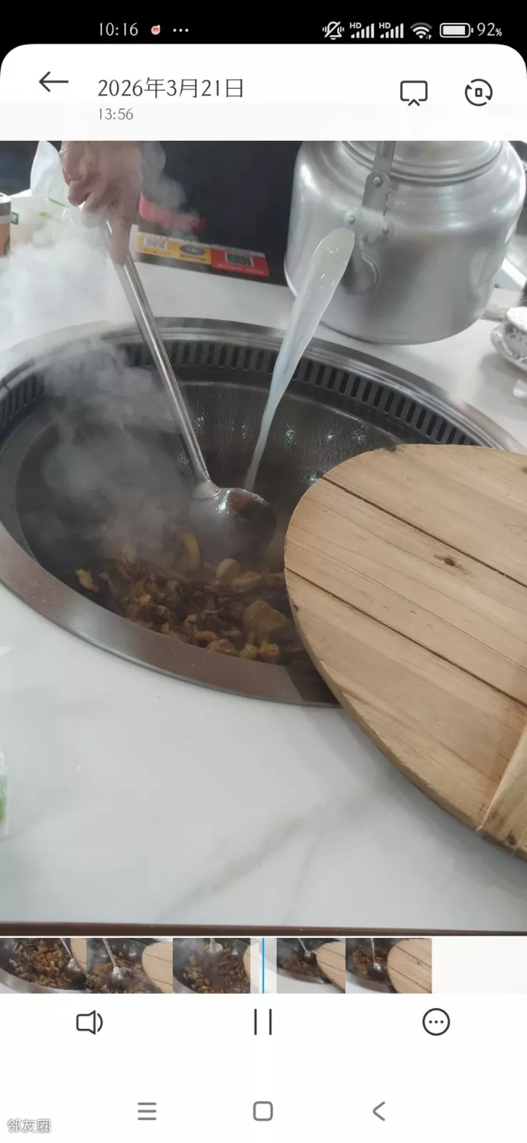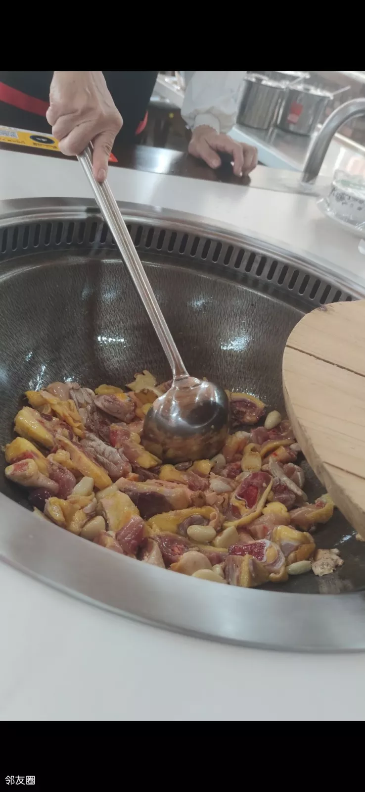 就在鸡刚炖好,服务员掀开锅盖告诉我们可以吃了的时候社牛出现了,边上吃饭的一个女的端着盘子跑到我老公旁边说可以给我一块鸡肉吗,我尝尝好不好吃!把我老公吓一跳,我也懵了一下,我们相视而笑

--

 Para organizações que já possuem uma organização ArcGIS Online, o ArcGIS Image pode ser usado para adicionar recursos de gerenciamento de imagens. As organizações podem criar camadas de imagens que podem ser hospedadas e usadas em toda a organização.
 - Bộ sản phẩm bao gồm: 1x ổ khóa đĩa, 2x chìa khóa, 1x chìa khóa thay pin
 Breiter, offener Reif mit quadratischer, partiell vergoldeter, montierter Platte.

- **TASK PROMPT**: Every line from the line containing "- Bộ sản phẩm" through the line containing "Breiter, offener Reif" in the records above must be retyped exactly. Leave out the rest.

- **EXERCISE OUTPUT**:
 - Bộ sản phẩm bao gồm: 1x ổ khóa đĩa, 2x chìa khóa, 1x chìa khóa thay pin
 Breiter, offener Reif mit quadratischer, partiell vergoldeter, montierter Platte.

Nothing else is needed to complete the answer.